Тогда-то «свет засияет» над миром. Правда, это станет возможным, когда Христос спасет Россию. На это и возлагает свое упование миссионер.

Комплекс подобных переживаний имперского патриотизма ярко проявился в нашем обществе в начальный период вступления Российской империи в Первую мировую войну. Тогда архимандрит их также разделял – пока на фронте не столкнулся с оборотной стороной мировой бойни и не ужаснулся бессмысленным ее жертвам. Но умершие чувства ожили под новым идейным соусом.

Ожиданию скорого восстания нации из мертвых мешала грустная окружающая реальность. Отец Спиридон, взывая к милосердию Спасителя, оговаривается: «Правда, в настоящее время появились многочисленные полки в России не только взрослых, но даже, что ужасно, и детей обоего пола, которые, потрясая обнаженными мечами в воздухе, грозят войною Тебе, истинному Богу, чтобы свергнуть Тебя с небес»[49].

Конечно, имеются в виду акции «Союза безбожников», который как раз в 1927–1928 годах готовился к активизации деятельности и вовлечению в свои ряды школьников всех возрастов[50]. Все это обсуждалось в советской печати, и верующие справедливо чувствовали надвигающийся вал новых бедствий.

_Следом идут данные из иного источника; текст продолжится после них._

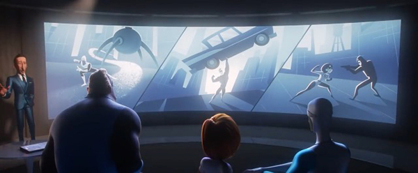 Les Indestructibles 2 pourraient se voir de la même manière. Bien qu’il ait fait ses preuves, sa stature professionnelle ne semble plus si certaine et on imagine que l’égo en prend un coup. C’est probablement là qu’est le cœur de cette idée d’inverser les rôles entre Bob et Helen. Le concept a une apparence très convenue et laisse se profiler un fond moralisant. Néanmoins, il va prendre une direction différente. Le problème de Bob n’est pas de se retrouver prisonnier d’un rôle d’homme au foyer qu’il verrait comme un gâchis de son talent. Cela voudrait dire qu’il n’a pas appris grand chose du premier film. Son souci tient à la frustration de ne pas être à la hauteur de ce rôle. Comme il l‘exclame en arrivant au comble de l’énervement, il est Monsieur Indestructible et il se doit en conséquence d’être super en tout point. Il ne peut pas être juste un homme au foyer. Il doit être le meilleur des hommes au foyer. Il se refuse à l’imperfection, ce qui en soit tient de l’impossible de par la multitude de variables régentant la vie de famille. Il omet trop sa potentielle faillibilité de super-héros. En ce sens, on peut considérer comme heureux que c’est Helen qui est élu pour jouer les super-héros en public. À l’exigence maladive de Bob, Helen incarne un versant plus consciencieux et terre-à-terre. Elle est plus capable d’appréhender ses responsabilités plutôt que de s’en délecter (ce qui ne l’empêche pas de redécouvrir les joies procurées par l’héroïsme). Cependant, ça n’est pas pour ce trait de caractère qu’elle a été privilégiée à Bob.
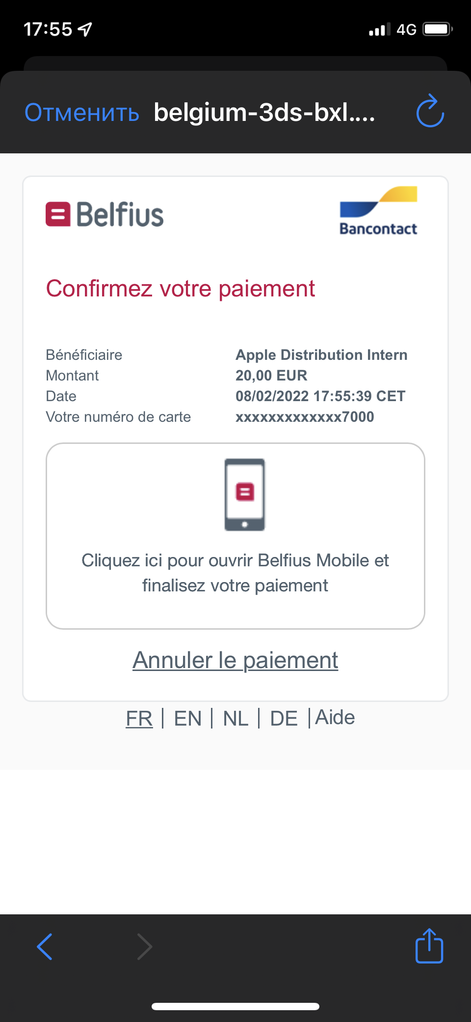 Vous m'avez mal compri, je dis que quand j'essaye de posser de l'argent sur mon compte App Store via Belfius Mobile, L'application ne ce démare pas en appuyant sur le boutton où c'est ecrit "appuyer ici pour démarer Belfius Mobile"
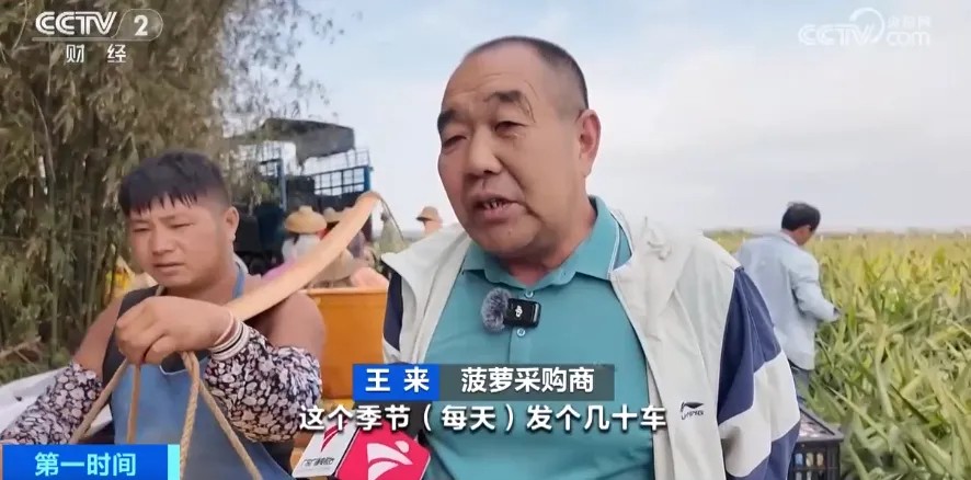 菠萝采购商 王来:我是从河南过来的,这个季节每天发几十车是没问题的,也就是几十万斤,基本上每天都发。
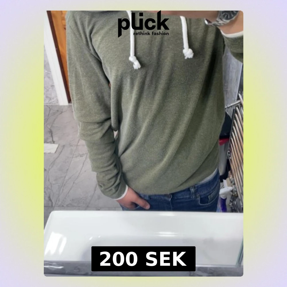 Snygg olivgrön hoodie med vita dragsnören i huvan. Hoodien har en avslappnad passform och långa ärmar, perfekt för en chill och casual stil. Tillverkad i mjukt material som känns skönt mot huden. Passar perfekt till jeans eller joggers.
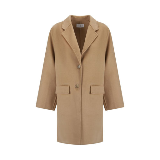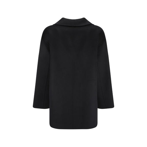 Original price $529.72Current price $360.93| /Brooklyn Wool Coat by Dynamis Studio, shawl lapels, double-breasted front button closure, two side welt pockets, monochrome pattern.
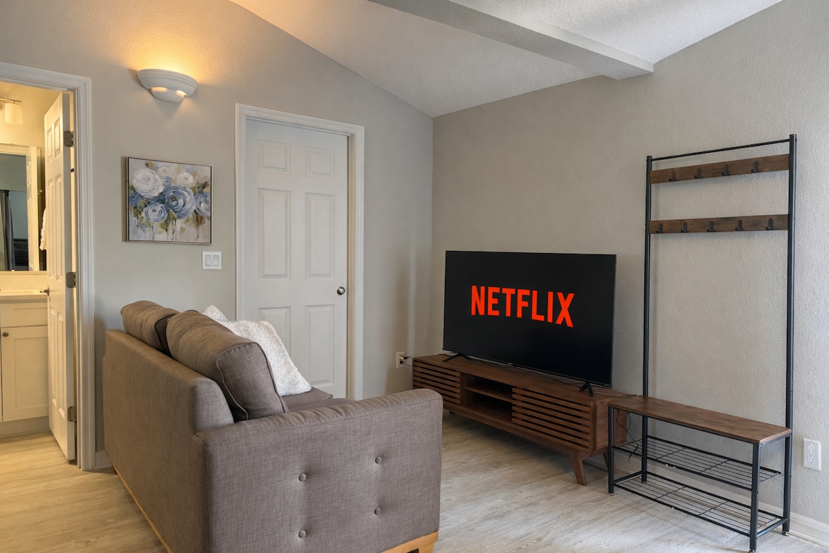 Denne nyoppdaterte leiligheten ligger i det historiske distriktet Ocala i Florida, i nærheten av restauranter, shopping og lokale attraksjoner. Dagsturer til Silver Springs (båtturer med glassbunn), turer til fullblodshestegårder og Rainbow Springs State Park er morsomme og enkle turer. Du kan også svømme med sjøkuer (sesongbasert) på Crystal River og selvfølgelig besøke de atlantiske strendene i Daytona, St. Augustine Tampa og Saint Pete, samt Orlando og Disney.
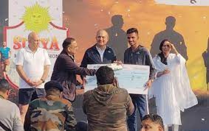 भोपाल। ‘सूर्यमान रहो गतिमान रहो’ के जयघोष के साथ तीन हजार लोगों ने सूर्या हाफ मैराथन में दौड़ लगाई। भारतीय सेना की मध्य कमान मुख्यालय जबलपुर और मध्य प्रदेश टूरिज्म बोर्ड (एमपीटीबी) के संयुक्त तत्वावधान में रविवार को प्रदेश की सांस्कृतिक राजधानी जबलपुर में हाफ मैराथान का आयोजन किया गया। सूर्यमान रहो गतिमान रहो थीम पर हुई मैराथम तीन श्रेणीयों 21 किलोमीटर, 10 किमी, एवं 5 किमी दौड़ की शुरुआत कोबरा ग्राउंड हुई। मुख्य आयोजन स्थल कोबरा स्पोर्टस कॉम्प्लेक्स में टूरिज्म बोर्ड द्वारा प्रदेश के पर्यटन स्थलों पर आधारित प्रदर्शनी लगाई गई। यहां पर धावकों व आगंतुकों ने र्व्चुअल रूम डिवाइस के माध्यम से पर्यटन स्थलों को 360 डिग्री से निहार कर आनंद लिया।
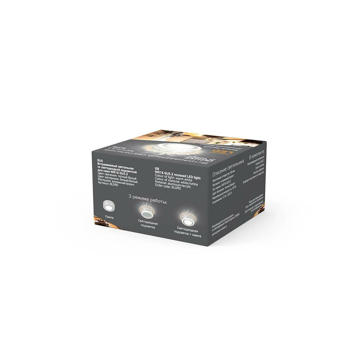 BL090 Светильник Backlight LED 3W 3000K 1/30 Gu5.3 кругл. белый/белый Gauss

Отец Спиридон не был слеп к опасности, но, как всегда у него, чувство близящегося всеобщего избавления от плена греха побеждало и вселяло оптимизм. «Господи, Ты только взгляни на них оком милосердия, как тотчас все их мечи превратятся в их руках в светлые кресты исповедания…»[51] – восклицал он.

Уверенность его происходила от собственной готовности к страданиям за веру и даже жажды их:

«Чего мне как христианину бояться в сей жизни? Лишат свободы? Посадят в тюрьму, будут мучить голодом и холодом? Но что этим мир сделает мне, когда Ты, Всеблагословенный, будешь все это знать обо мне и будешь заботиться о моей жизни? Ну, будут бить меня, мучить, заражать той или другой болезнью… Отсекут враги христианства руки мои и ноги мои и в таком состоянии оставят меня жить на земле?.. Если у меня вырвут глаза, отрежут нос, язык, уши и так меня оставят, то чего же я этим лишусь? Жизни? Да ведь я и так рано или поздно все же ее оставлю… Мое “я” и после моей земной смерти будет жить»[52].

Он готов стать мучеником, потому что гонимым будет еще больше любить Бога.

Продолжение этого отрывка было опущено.